Is hell-fire religion encoded in your genes?
I am wondering about this, because I was raised in a Bible-thumping, sinners-are-going-to-hell kind of religion. It's something I left without a backward glance when I was old enough to vacate the parental home, but by then it was too late. Take it from an authority: if you want to raise a really anxious, guilt-ridden girl-child with major self-esteem issues, the kind of kid who is primed for illnesses like depression the way easy-light charcoal is primed for the match, Fundamentalism is the way to go. Maybe the Taliban could do a better job in this department, but I'm not so sure.
Consequently, I have been scrupulously careful about not teaching my kids that a) they are sinners or b) that God is sitting up in the sky running a tab on their every infraction or c) that they will go to hell if they don't Measure Up. I have, in fact, not even pushed my kids to go to Sunday School or church, being opposed on principle to intellectual force-feeding of any kind. My husband and I have gone out of our way to explain that the world is full of people who have all kinds of beliefs--atheists and Buddhists and Muslims and Baptists and so forth. So explain to me why my 10-year-old announced to me last night, "Mom, I've figured it out."
"Figured what out?"
"I've figured out why I feel so anxious and sad. It's because God is mad at me.

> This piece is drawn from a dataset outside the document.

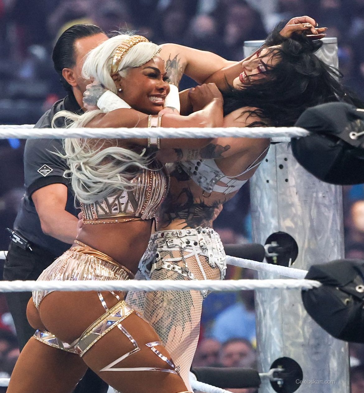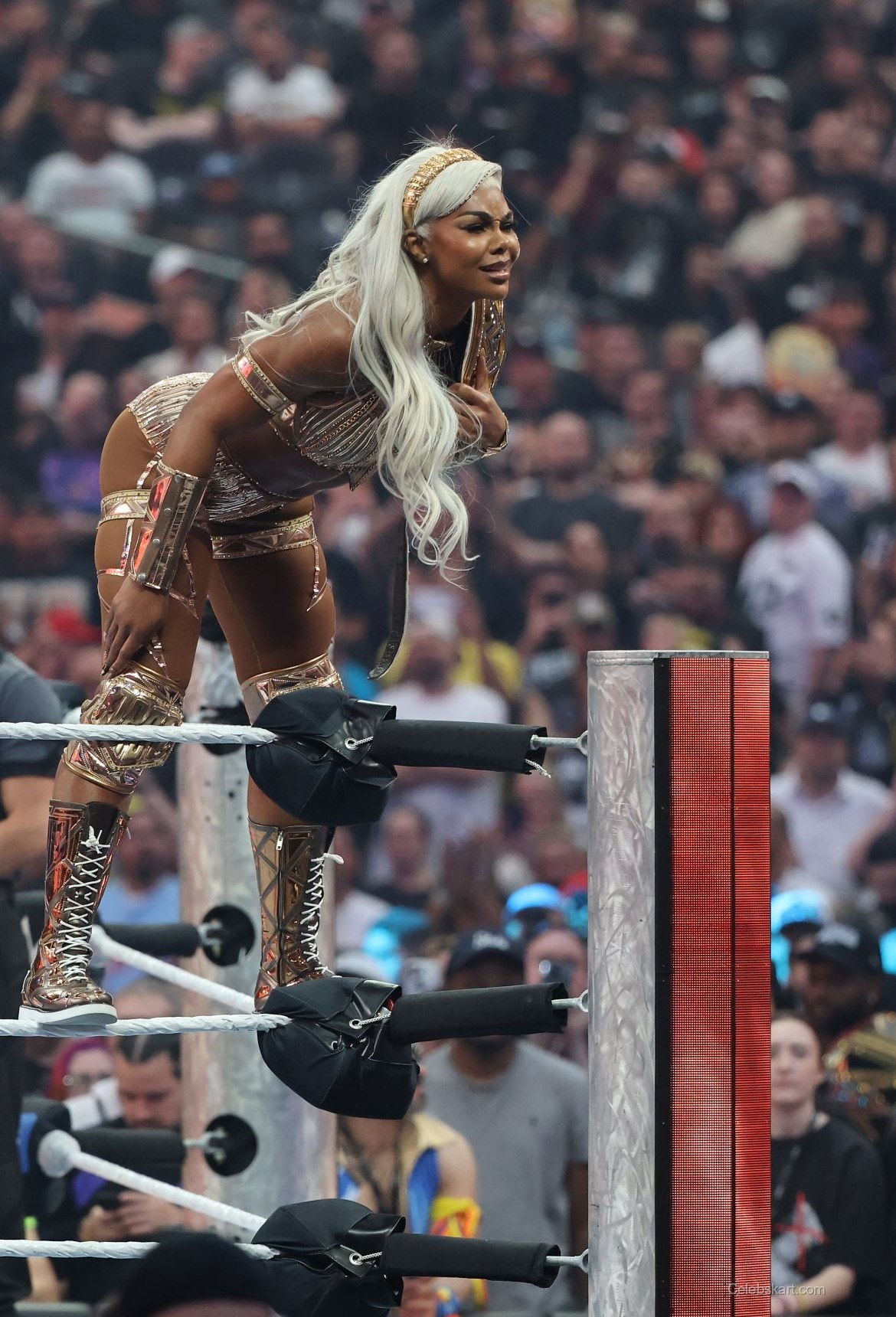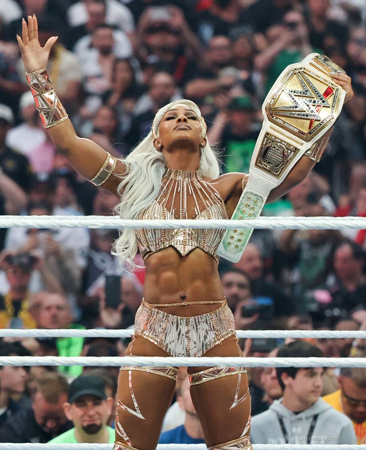 Jade wore a dazzling gold ensemble that accentuated her athletic physique. The outfit featured intricate detailing and a fitted design that highlighted her toned midriff. She paired the look with matching accessories, including gold arm cuffs and a belt. The shimmering fabric of her outfit glimmered under the arena lights, creating a mesmerizing effect as she moved around the ring. The combination of gold hues and bold design elements made her stand out in the crowd, and it was a perfect choice for such a grand event.

I've done something wrong, but I don't know what it is."
Travel back with me in time, to College Park, Georgia circa 1965, and this would be me, saying the exact same thing. Except that I had people telling me this kind of thing three times a week, and my daughter does not and never has. So what gives here? Does bad religion leak out of your pores or something? Do you impart it to your kids with your DNA, along with a tendency to chew your nails?
Aside from assuring my daughter that God is not mad at her, and that perhaps her general anxiety has more to do with starting middle school than with some horrible sin she has committed (and, by the way, do any ex-Fundies out there remember the Unforgiveable Sin? It was "blasphemy against the Holy Spirit," whatever that is, and I was always petrified that I'd done it without knowing it)--aside from this, I have no idea of how to disabuse her of this notion, or whether I should even try. Perhaps she'll figure out for herself that fear is not a healthy basis for any kind of spiritual life. Perhaps she will, as William Butler Yeats said, discover that
Considering that, all hatred driven hence,
The soul recovers radical innocence
And learns at last that it is self-delighting,
Self-appeasing, self-affrighting,
And that its own sweet will is Heaven's will
She can, though every face should scowl
And every windy quarter howl
Or every bellows burst, be happy still.
("A Prayer for My Daughter," June 1919)
Come to think of it, this is something I'm still learning. Maybe we can learn together.